Bennett is a town in Douglas County, Wisconsin, United States. The population was 632 at the 2020 census. The unincorporated communities of Beebe and Bennett are located in the town.

==History==
The town takes its name from Richard Bennett, an area settler from the 1880s.

==Transportation==
U.S. Highway 53, County Road L, and County Road E are three of the main routes in the town.

==Geography==
According to the United States Census Bureau, the town has a total area of 48.3 square miles (125.1 km^{2}), of which 47.5 square miles (123.1 km^{2}) is land and 0.8 square mile (2.0 km^{2}) (1.59%) is water.

==Demographics==
As of the census of 2000, there were 622 people, 224 households, and 174 families residing in the town. The population density was 13.1 people per square mile (5.1/km^{2}). There were 297 housing units at an average density of 6.2 per square mile (2.4/km^{2}). The racial makeup of the town was 98.07% White, 1.13% Native American, 0.32% Asian, and 0.48% from two or more races. Hispanic or Latino of any race were 0.96% of the population.

There were 224 households, out of which 38.8% had children under the age of 18 living with them, 69.2% were married couples living together, 4.5% had a female householder with no husband present, and 22.3% were non-families. 18.8% of all households were made up of individuals, and 8.5% had someone living alone who was 65 years of age or older. The average household size was 2.78 and the average family size was 3.18.
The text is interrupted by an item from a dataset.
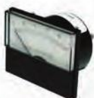
Amp Meter 00520 (All)
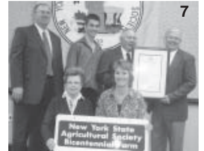
Cochrane Farms (3) Ripley, NY Chautauqua County -Cochrane/Chess Family-

In the town, the population was spread out, with 30.4% under the age of 18, 5.8% from 18 to 24, 27.5% from 25 to 44, 24.8% from 45 to 64, and 11.6% who were 65 years of age or older. The median age was 37 years. For every 100 females, there were 105.3 males. For every 100 females age 18 and over, there were 107.2 males.

The median income for a household in the town was $40,313, and the median income for a family was $49,063. Males had a median income of $31,667 versus $22,344 for females. The per capita income for the town was $18,335. About 4.6% of families and 7.7% of the population were below the poverty line, including 10.6% of those under age 18 and none of those age 65 or over.